Segment Start: DATA FOR ANALYSIS

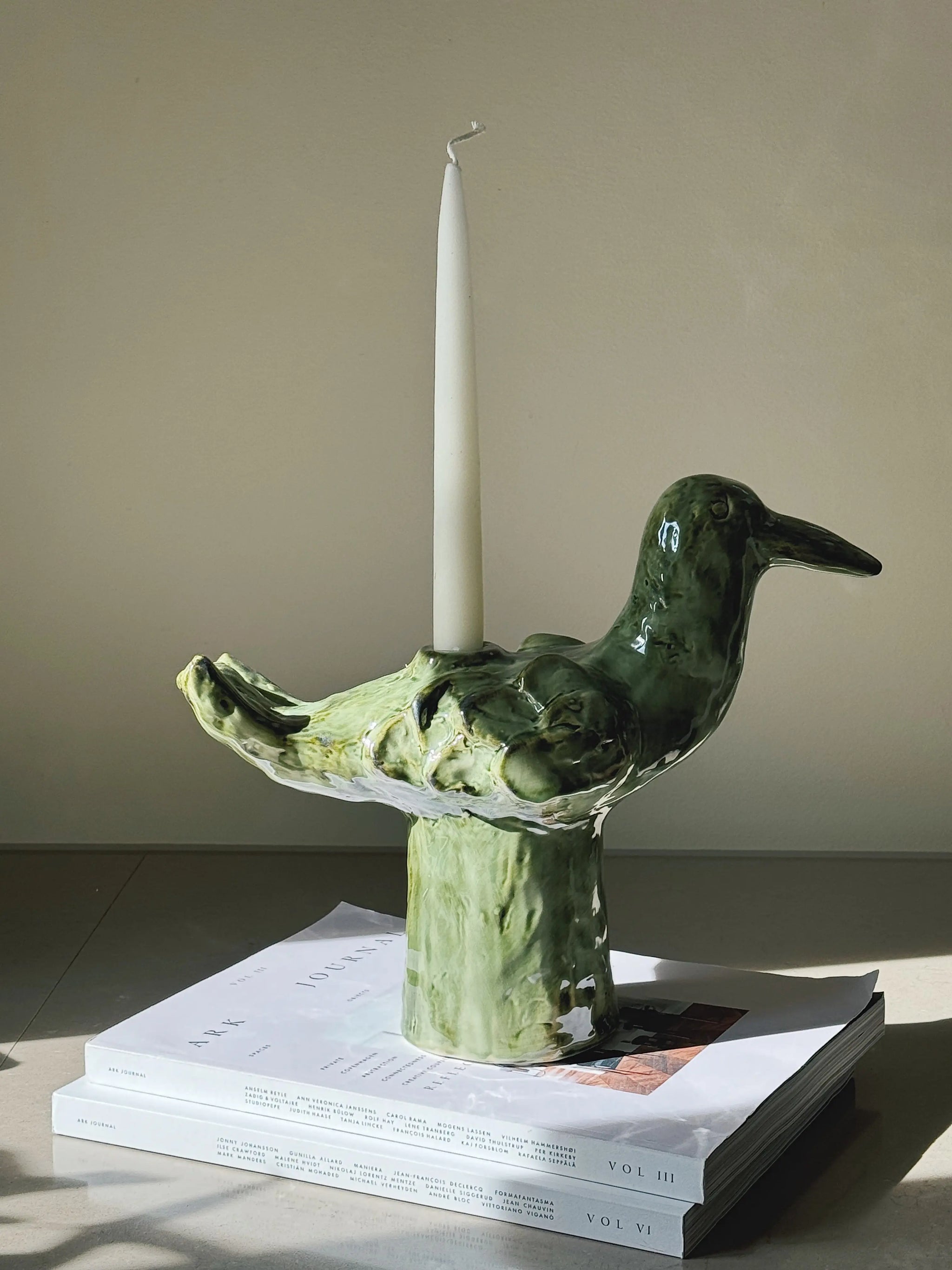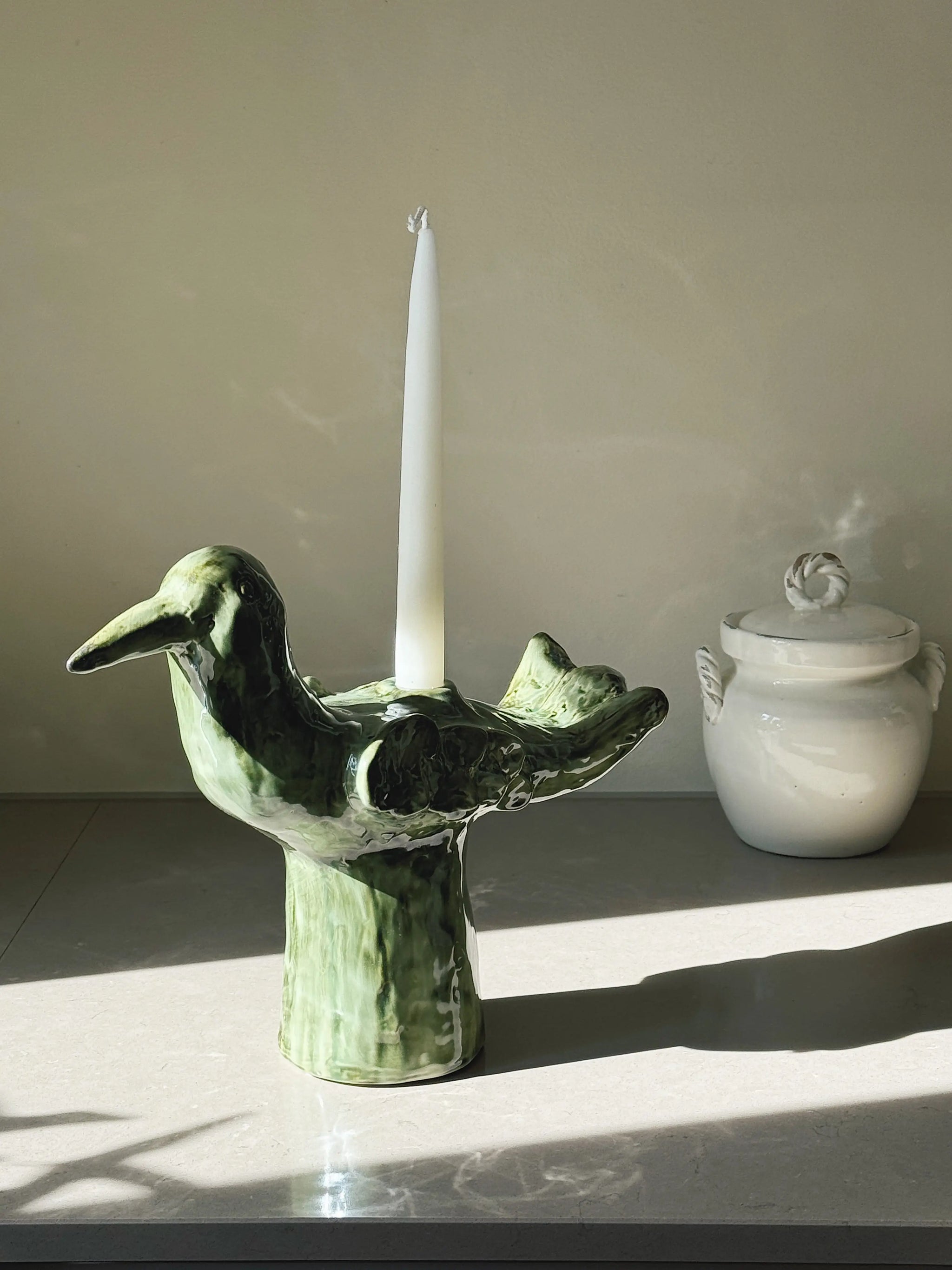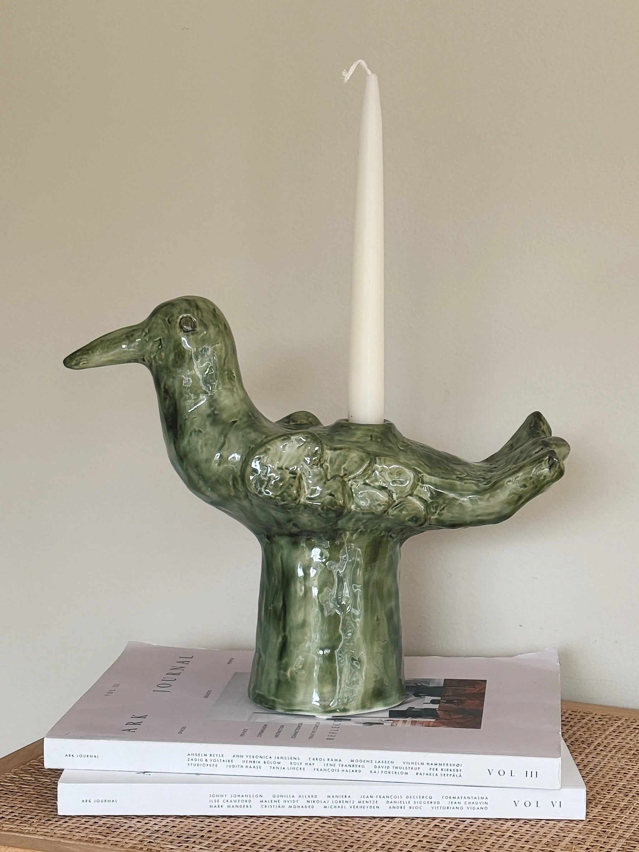 Den skulpturelle form leder tankerne hen på en fugl eller et mytisk væsen og gør lysestagen til både et funktionelt objekt og et keramisk kunstværk. Uanset om du placerer den midt på bordet, i vindueskarmen eller som en del af et dekorativt arrangement, tilfører den karakter og varme til din indretning.
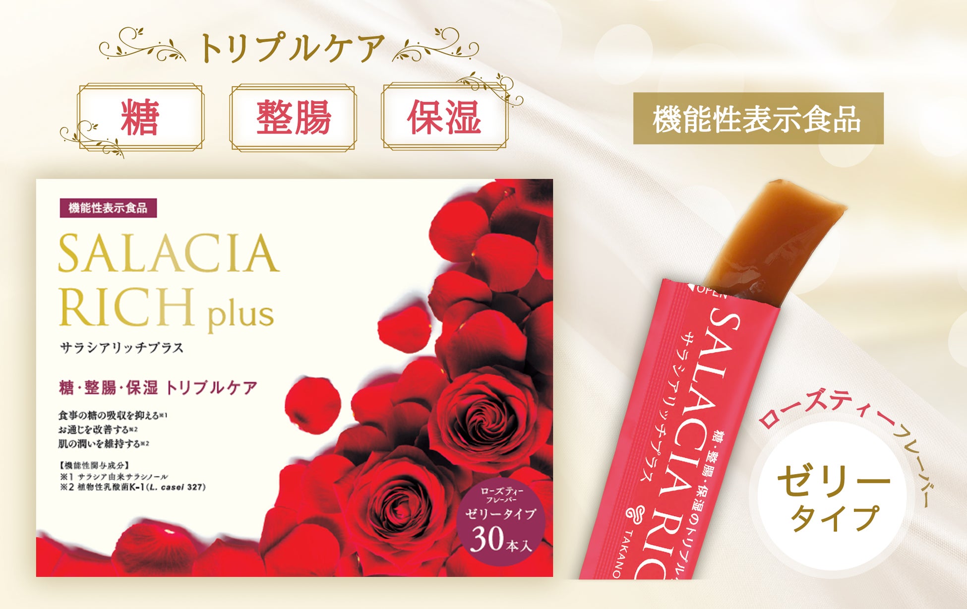 サラシア由来サラシノールと植物性乳酸菌K-1(L. casei 327)を配合することにより、「食事から摂取した糖の吸収を抑え、食後血糖値の上昇をゆるやかにする機能」「おなかの調子を整えお通じを改善する機能」「肌の潤いを維持する機能」の3つの機能性を備え、女性が抱えがちな悩み「糖・整腸・保湿」に訴求しています。
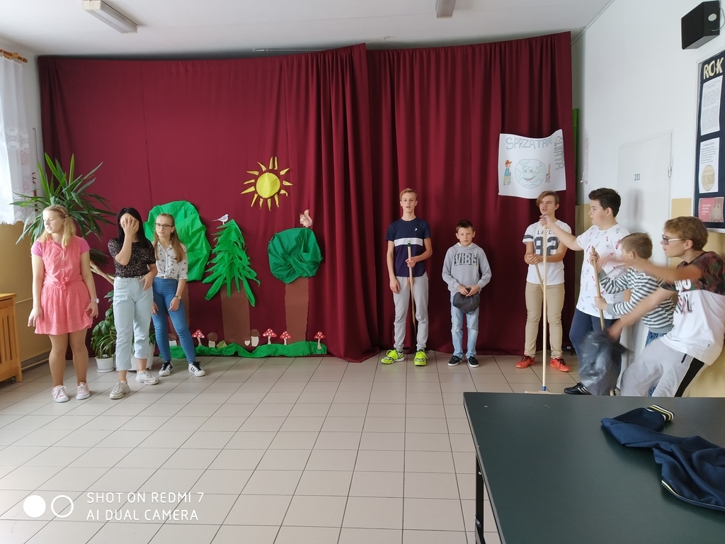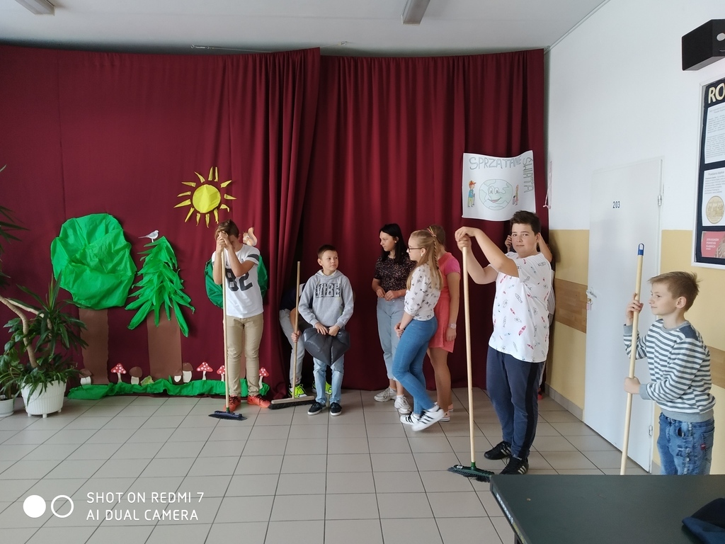 Inscenizacja pt.: "Sprzątanie świata", przygotowana dla naszych najmłodszych podopiecznych- czyli kształtowanie postaw proekologicznych w naszej szkole. Klasa VII B oraz pani Katarzyna Wróblewska.
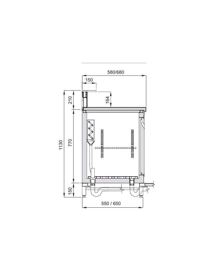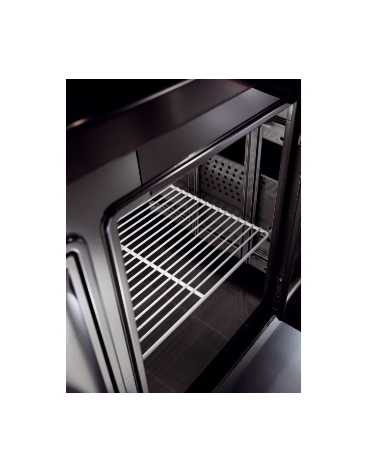 DOTAZIONE STANDARD: Piletta di scarico condensa, cremagliere interne, reggipiani, griglia intermedia in filo plastificata, griglia di fondo in plastica, sportelli in acciaio inox con chiusura magnetica e guarnizione, quadro comandi con termostato elettronico ed interruttore generale, coperchio coibentato, cavalletti in metallo verniciato a polveri epossidiche con piedi regolabili, predisposizione per appoggia pedana, top in acciaio inox. Luce interna con lampada a LED.
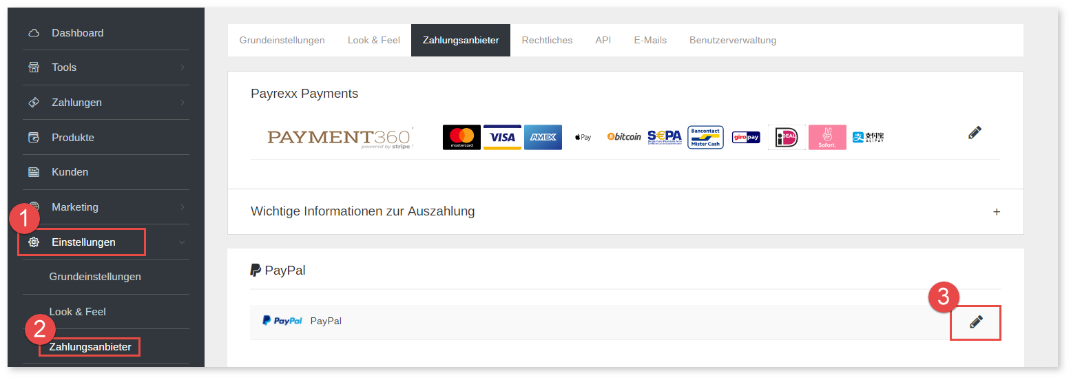 Wenn Sie Ihren Payment360 Account einrichten, wird automatisch PayPal als Zahlungsanbieter auf Ihrer Verkaufsseite angezeigt. Sobald jemand eine Zahlung mit PayPal tätigt, wird diese automatisch auf die bei Payment360 registrierte E-Mail Adresse überwiesen. Falls Sie bereits einen PayPal Account besitzen, jedoch mit einer anderen E-Mail Adresse als diejenige, mit der Sie sich bei Payment360 registriert haben, können Sie diese unter Einstellungen -> Zahlungsanbieter -> PayPal ändern:
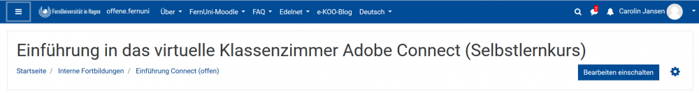 Um einen Kurs bearbeiten zu können, müssen Sie als Betreuer/-in des Kurses eingetragen sein. Auf der Startseite des Kurses klicken Sie rechts oben auf "Bearbeiten einschalten" oder auf "Bearbeiten einschalten" im Dropdown-Menü "Einstellungen".

Segment End: DATA FOR ANALYSIS

- [WHAT YOU HAVE TO DO]: Say again, exactly, only those lines of the records that run from the start through the line with "DOTAZIONE STANDARD: Piletta". Pictures are to be skipped.

- [YOUR RESPONSE]:
 Den skulpturelle form leder tankerne hen på en fugl eller et mytisk væsen og gør lysestagen til både et funktionelt objekt og et keramisk kunstværk. Uanset om du placerer den midt på bordet, i vindueskarmen eller som en del af et dekorativt arrangement, tilfører den karakter og varme til din indretning.
 サラシア由来サラシノールと植物性乳酸菌K-1(L. casei 327)を配合することにより、「食事から摂取した糖の吸収を抑え、食後血糖値の上昇をゆるやかにする機能」「おなかの調子を整えお通じを改善する機能」「肌の潤いを維持する機能」の3つの機能性を備え、女性が抱えがちな悩み「糖・整腸・保湿」に訴求しています。
 Inscenizacja pt.: "Sprzątanie świata", przygotowana dla naszych najmłodszych podopiecznych- czyli kształtowanie postaw proekologicznych w naszej szkole. Klasa VII B oraz pani Katarzyna Wróblewska.
 DOTAZIONE STANDARD: Piletta di scarico condensa, cremagliere interne, reggipiani, griglia intermedia in filo plastificata, griglia di fondo in plastica, sportelli in acciaio inox con chiusura magnetica e guarnizione, quadro comandi con termostato elettronico ed interruttore generale, coperchio coibentato, cavalletti in metallo verniciato a polveri epossidiche con piedi regolabili, predisposizione per appoggia pedana, top in acciaio inox. Luce interna con lampada a LED.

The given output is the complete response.